Why would more educated people be less in favor of price controls?  One possibility is the direct influence of what they studied.  However, my guess is that most college graduates didn't take a course in economics, and most don't recall many specific points from their courses.  So I think it's more likely to reflect a general way of thinking--more educated people are less likely to believe that simply forbidding people to do something will be effective. 

So even if more and less educated people are now similar in their general support for redistribution, there are some differences in the types of policies they support to achieve it, and that difference may create problems for parties of the left. 

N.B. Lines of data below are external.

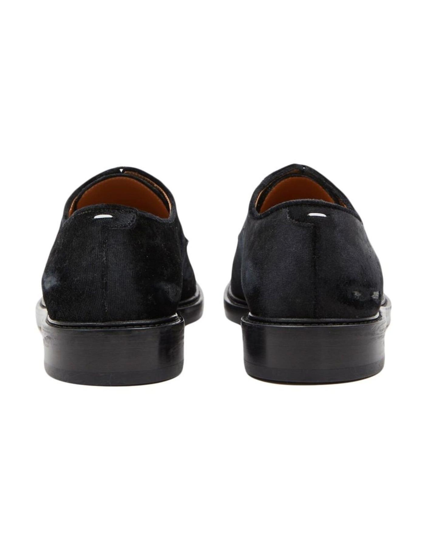 - distressed-finish lace-up shoes from Maison Margiela featuring velvet effect, distressed finish, front lace-up fastening, round toe, flat sole, branded insole and black.
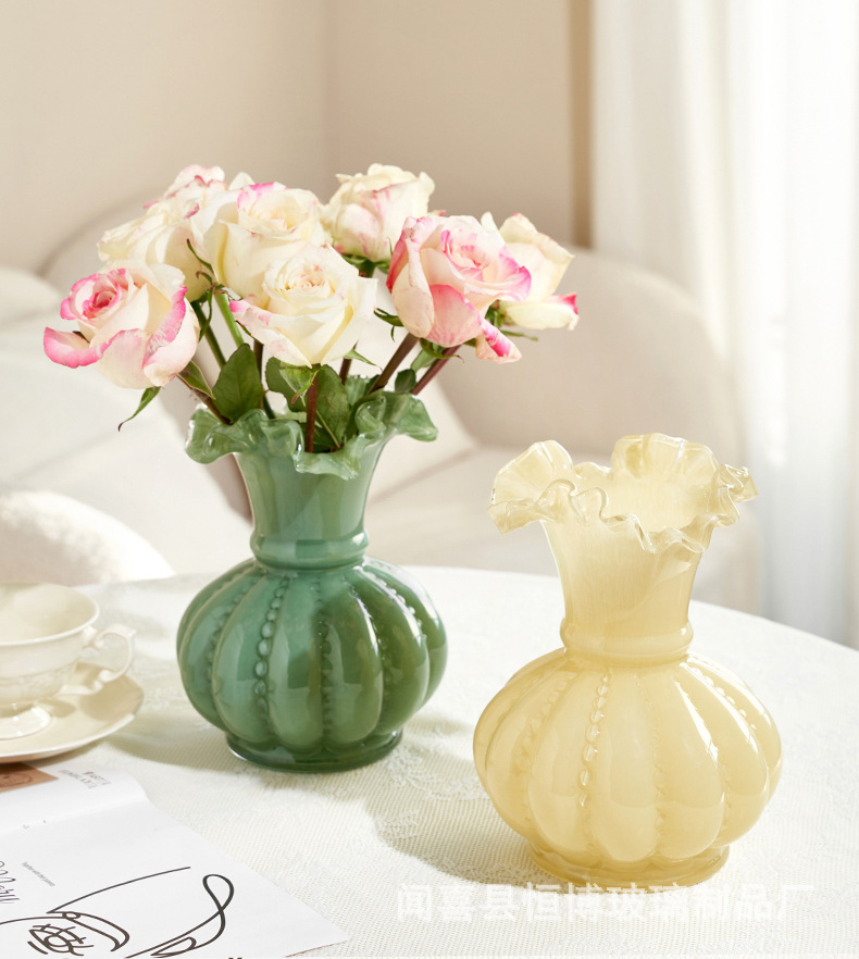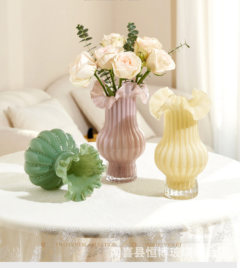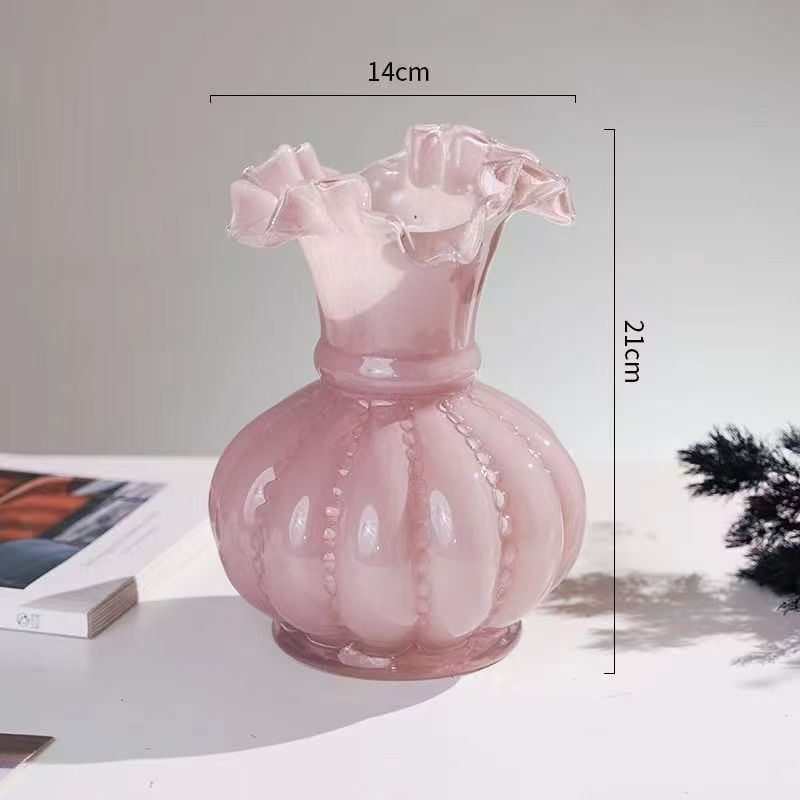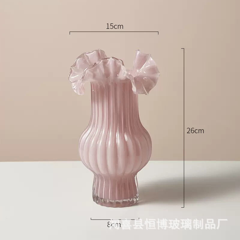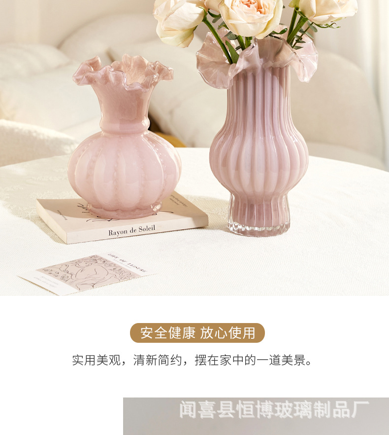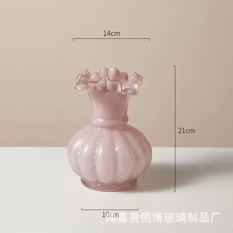 중간 펜턴 꽃병 장식 거실 수화 꽃 하이 엔드 라이트 럭셔리 유리 핑크 창조적 인 간단한 꽃병
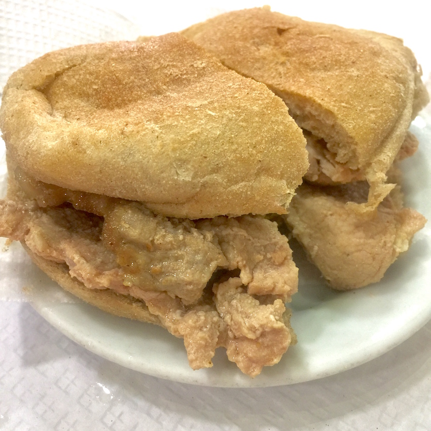 再来看看这个猪肉三明治——Bifanas。肉酥而不柴,调料的味儿恰到好处,香而不腻。外面的面包绝对是亮点,我是第一次吃到这么好吃的面包。
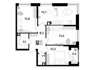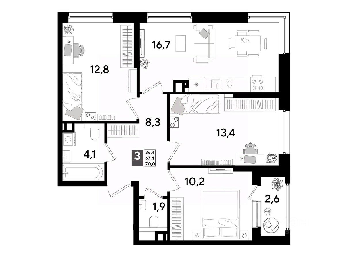 В продаже 3-комнатная квартира от застройщика! Мкр. "DOGMA PARK" г. Краснодар, Литер 33 Срок сдачи: 3 кв. 2027, общей площадью 70 кв.м., на 3 этаже.
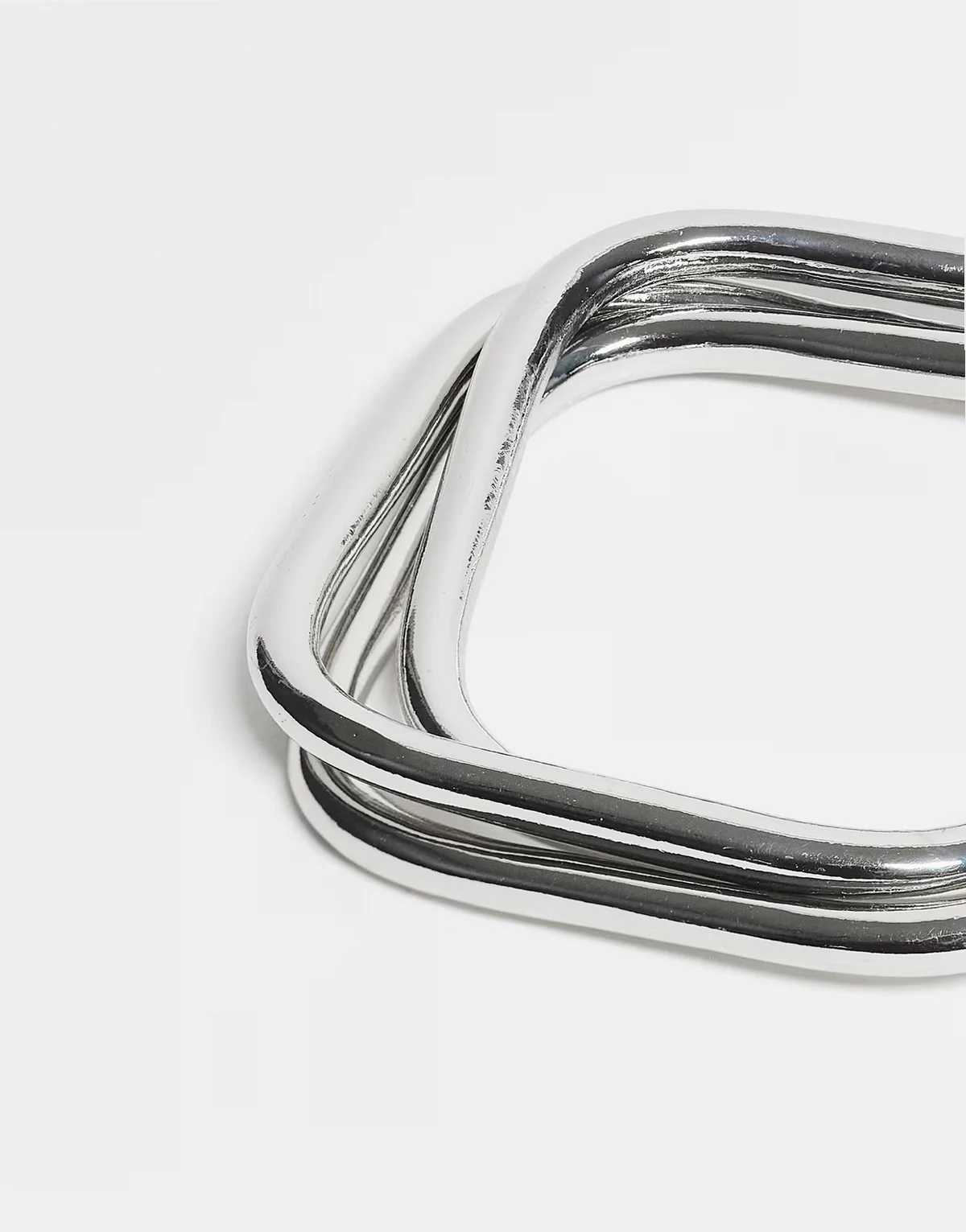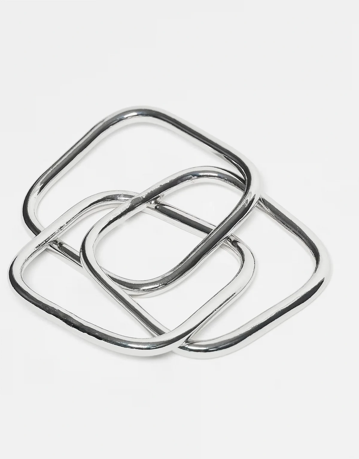 4. – Zestaw 3 połączonych kwadratowych bransoletek typu bangle w kolorze srebrnym

Since it's been a relatively long gap between posts, I'll add a bonus to this one.  In most surveys, the highest income category is something like $100,000 and up,  so you can't make fine distinctions at the high end.  But this one included more detailed categories, of which the highest was $500,000+.  When asked about who they thought they would vote for in November 2008, people in the top group went for McCain by 9-2. The income groups below that were pretty evenly split.  The difference could have been just the result of chance (the p-value for the hypothesis of no difference among the highest income groups was something like .07), but it is intriguing.  If other Gallup/USA Today surveys from the same time used the same income groups, you could combined them to see if it holds up.